As the population of the Maritimes, Lower and Upper Canada grew, the economic potential of the land increased. People began to recognize mineral deposits that could be exploited and William Logan proposed the creation of the Geological Survey of Canada (GSC) in 1840 with headquarters and labs in Montreal.

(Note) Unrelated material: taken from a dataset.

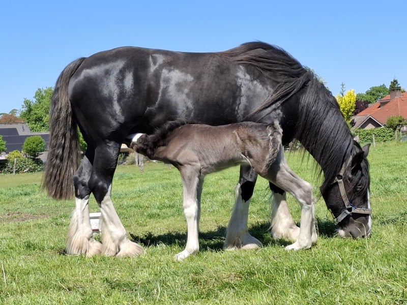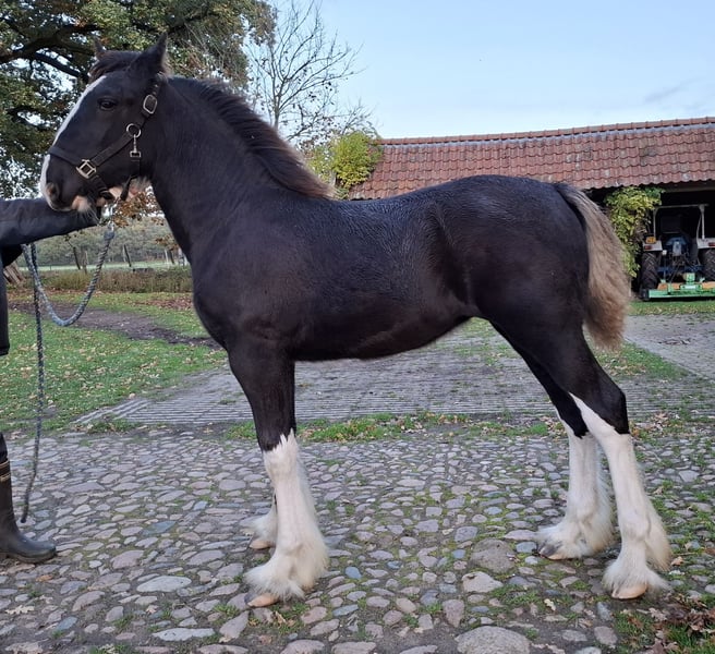 Schwarze Shire-Stute Fohlen zu verkaufen, 4 weiße Abzeichen mit einer schönen Blesur. Die Mutter ist Five Hills Taffy Rose (schwarz) von Five Hills Jesse (schwarz); der Vater ist Five Hills Knutsford Edward (schwarz) von Old Croft Sergio (schwarz). Brynn verfügt über schöne, lockere Gänge; sie hat Charakter und Ausstrahlung. Sie hat bereits an der Shire-Show in Lunteren teilgenommen und wurde Reserve-Champion bei den Fohlen.
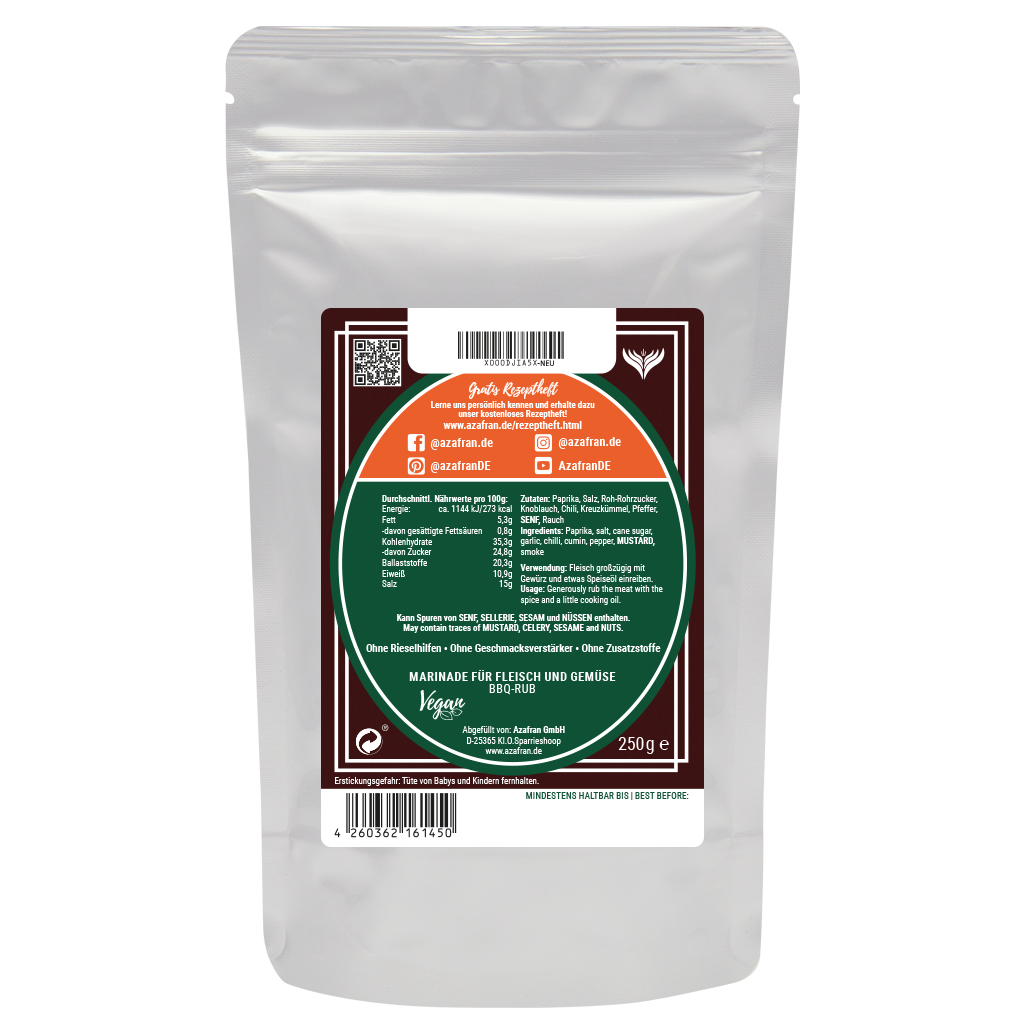 Zutaten: | Paprika, Salz, Roh-Rohrzucker, Knoblauch, Chili, Kreuzkümmel, Pfeffer, Senf, Rauch |

Growing out of the GSC work was a need for better topographical maps--the Topographic Survey and Geodetic Surveys were created to supplement and expand the GSC’s work. The pinnacle of their 19th century work was the survey of the Prairies and Rockies as the Canadian Pacific Railway pushed westward. The surveys of the Rockies led to some innovative methods, primarily by Edouard Deville, including the photographic survey camera he developed. He later introduced aerial photographic surveys into the Topographical Survey’s work.

Because of Canada’s vast, remote territories, we became leaders in aerial survey techniques up to and including the most sophisticated digital techniques used today from aircraft and spacecraft (RADARSAT).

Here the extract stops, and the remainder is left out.